- Born: 24 September 1920 Liverpool, Merseyside, England
- Died: 5 April 2004 (aged 83) Llanfairfechan, Conwy, Wales
- Citizenship: United Kingdom
- Education: University of Liverpool
- Occupations: Teacher; Writer;
- Years active: 1977–1994

= Gweneth Lilly =

Welsh writer (1920–2004)

Gweneth Lilly (24 September 1920 – 5 April 2004) was a Welsh writer and teacher who authored novels, children's and teenage books and adult books in English and Welsh. She worked as a teacher at the University of Liverpool and later at St. Mary's College in Bangor until she retired in 1977 to focus on writing on which she authored 13 books in her lifetime. Lilly won the Tir na n-Og Award twice in 1981 and 1982. The Bangor University Archives holds a collection of works related to the writer.

==Early life==
On 24 September 1920, Lilly was born to Welsh parents in the English city of Liverpool. She was the only child of parents coming from Anglesey; her father admired Alfred, Lord Tennyson and educated her on Lewis Carroll and Arthurian legends. Lilly grew up in Liverpool, and was taught at Liverpool Girls' College. She matriculated to University of Liverpool, where she read English. Lilly conducted a post-graduate study of John Donne and Gerard Manley Hopkins.

==Career==

She was appointed lecturer of English at the University of Liverpool, before moving to Wales with her mother in 1946 to teach the same subject at St. Mary's College in Bangor. Lilly remained at St. Mary's College where she read the works of Leon Garfield, Alan Garner and William Mayne until she retired in 1977. Following her retirement to focus on writing, she began writing in the Welsh language even though she taught English in the education system. Lilly's first novel, Y Drudwy Dewr (English: The Brave Starling), was published in 1980, and is based on her studies of the tale of Branwen in Mabinogion's second strand. In 1981, she authored the novel Gaeaf Y Cerrig (English: Winter Of Stones), Hwyl A Helynt Calan Gaeaf (English: The Way Of The Season Of Winter) and the supernatural work Hwyl A Helynt Calan Gaeaf (English: The Way Of The Season Of Winter). Lilly won the Tir na n-Og Award in the same year.

Throughout the year of the 700th anniversary of Llywelyn ap Gruffudd's death in 1982, she was commissioned to author the novel Rwy'n Cofio dy Dad to commemorate the occasion. Lilly went on to write the children's and teenage book Y Gragen A'r Drych (English: The Shell And The Mirror) that same year.
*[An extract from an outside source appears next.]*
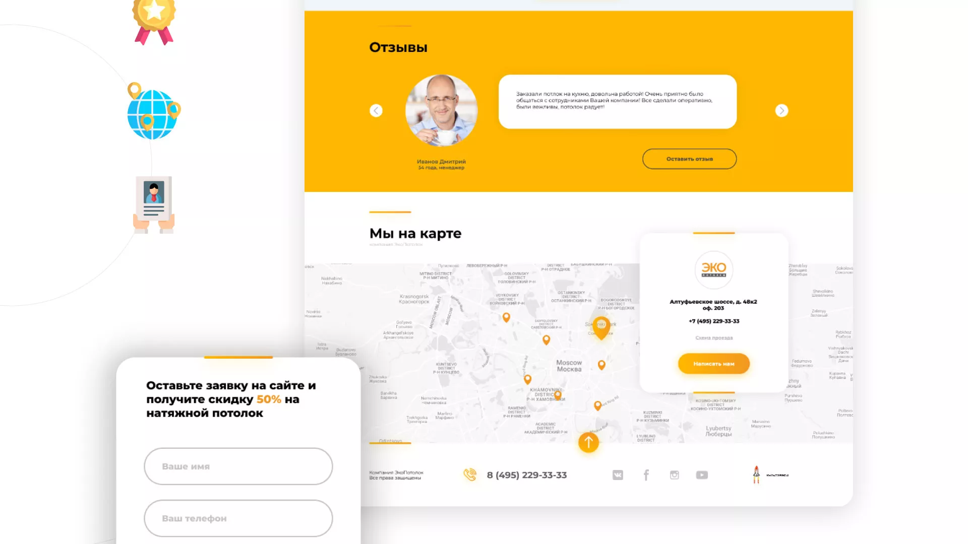 В нашем портфолио в Кудрово Вы можете найти большое количество вариантов готовых сайтов, среди которых есть и сайты по натяжным потолкам. Все проекты выполнены с учётом пожеланий заказчиков, многие из которых стали нашими друзьями.

She received her second Tir na n-Og Award in 1982. In 1984 and 1987 respectively, Lilly authored Britain, Orpheus the adult book based on the Wales during the Roman era and Masgiau in English. She went on to write Tachwedd Tan Gwyllt (English: Wild Fire Of November) and the English version of that book called Treason At Trefriw were both published in 1990. In 1993, Lilly wrote On A Scaffold High and the short story collection Dynes Mewn Du (English: A Woman In Black). Overall, she published 13 books.

Lilly was an active member of the historical area society of Llanfairfechan and edited and wrote in both English and Welsh on matters of local interest. She helped the family connection to Pen y Bryn with Llywelyn the Great and his family's connection to Abergwyngregyn close to Bangor.

==Personal life==
She was a Welsh Baptist all her life. Lilly was profoundly deaf in the final years of her life. On 5 April 2004, she died in Llanfairfechan.

==Legacy==

D Ben Rees, writing Lilly's obituary in The Guardian, described her as "one of the most gifted children's writers of her generation, and enriched Welsh literature." The Bangor University Archives holds a collection of works related to Lilly. They include her personal papers and objects related to her career and her correspondence between the media and the printing press.